#### Work item
Only an exact repeat of the listing, without its images, counts as the answer.

#### Data provided
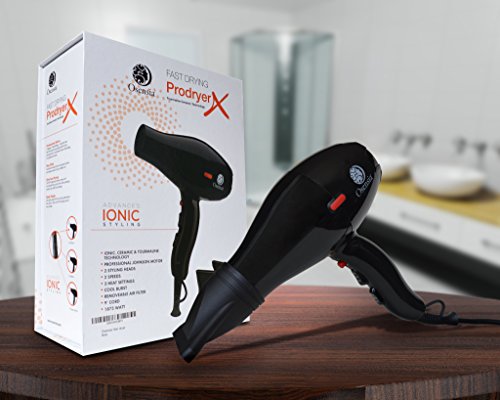 Osensia ProDryer-X Professional Series - 1875 Watt Dryer with 2 Attachments, 2 Speeds, 3 Heat Settings with Cool Burst Shot for long lasting hold and shine - Advanced Tourmaline Technology improves moisture retention, reduces static & frizz and cuts drying time in half - Extra long cord and removable air filter for easy cleaning.
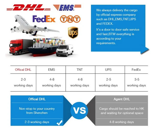 A: DHL/FedEx/UPS/EMS/TNT/by sea are accepted.
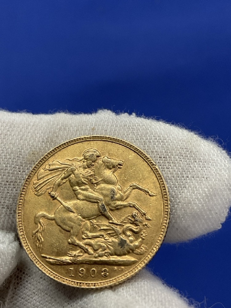 1908 British Gold Coin Sovereign.

#### Exercise result
 Osensia ProDryer-X Professional Series - 1875 Watt Dryer with 2 Attachments, 2 Speeds, 3 Heat Settings with Cool Burst Shot for long lasting hold and shine - Advanced Tourmaline Technology improves moisture retention, reduces static & frizz and cuts drying time in half - Extra long cord and removable air filter for easy cleaning.
 A: DHL/FedEx/UPS/EMS/TNT/by sea are accepted.
 1908 British Gold Coin Sovereign.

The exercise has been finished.